Matplotlib - Scatter Plot Color based on Condition


Matplotlib - Scatter Plot Color based on Condition

In this tutorial, we'll explore how to customize the color of data points based on the condition formed with their values in a Matplotlib scatter plot.

The following is a step by step process for Scatter plot, where we choose one of the two colors 'red' or 'blue' for the data points, based on their values.

1. Import necessary libraries

Begin by importing the required Matplotlib library.

import matplotlib.pyplot as plt

Optionally, you can also import NumPy for generating sample data.

import numpy as np

2. Generate sample data

Create arrays of data points for the X and Y axes and an additional array for colors. For this example, we'll use NumPy to generate random data and assign colors based on conditions.

# Number of data points
num_points = 50

# Generate random values for X and Y
x_values = np.random.rand(num_points)
y_values = np.random.rand(num_points)

3. Assign colors based on conditions

Create a numpy array with colors based on the condition: Y-axis value greater than 0.5. If Y-axis value is greater than 0.5, let us choose 'red' color, or if the condition is false, we shall choose 'blue' color.

# Assign colors based on conditions (e.g., higher or lower than a threshold)
colors = np.where(y_values > 0.5, 'red', 'blue')

4. Set Scatter Plot with customized colors

Use Matplotlib's scatter() function to create a scatter plot with the generated data points and customized colors.

# Create scatter plot with customized colors
plt.scatter(x_values, y_values, c=colors, label='Scatter Plot')

5. Customize and show the plot

Customize the plot by adding a title, labels for the X and Y axes, and a legend. Finally, display the plot using show().

# Customize the plot
plt.title('Scatter Plot with Customized Colors')
plt.xlabel('X-axis')
plt.ylabel('Y-axis')
plt.legend()

# Show the plot
plt.show()

Complete Program

Let us put all the above mentioned steps together, and write a program for a scatter plot where the data points are colored 'red' or 'blue' based on the condition applied on data points.

Python Program

import matplotlib.pyplot as plt
import numpy as np

# Number of data points
num_points = 50

# Generate random values for X and Y
x_values = np.random.rand(num_points)
y_values = np.random.rand(num_points)

# Assign colors based on conditions (e.g., higher or lower than a threshold)
colors = np.where(y_values > 0.5, 'red', 'blue')

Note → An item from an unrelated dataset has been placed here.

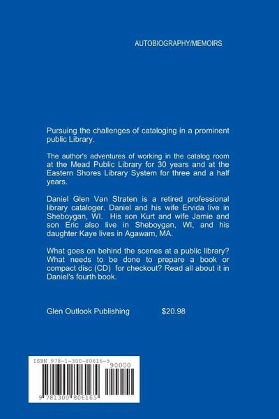 Pursuing the challenges of working in the catalog room at the Mead Public Library in Sheboygan, Wisconsin, and cataloging and delivering books for the Eastern Shores Library System of the Sheboygan and Ozaukee Counties of Wisconsin. The author, a retired library cataloger, tells what goes on behind the scenes at the public library and what needs to be done to prepare a book or compact disc (CD) ready for checkout.

# Create scatter plot with customized colors
plt.scatter(x_values, y_values, c=colors, label='Scatter Plot')

# Customize the plot
plt.title('Scatter Plot with Customized Colors')
plt.xlabel('X-axis')
plt.ylabel('Y-axis')
plt.legend()

# Show the plot
plt.show()

Output

Matplotlib - Scatter Plot Color based on Condition

Summary

This tutorial demonstrated how to customize the color of data points in a Matplotlib scatter plot, based on a condition, providing a visual distinction between different patterns within the data.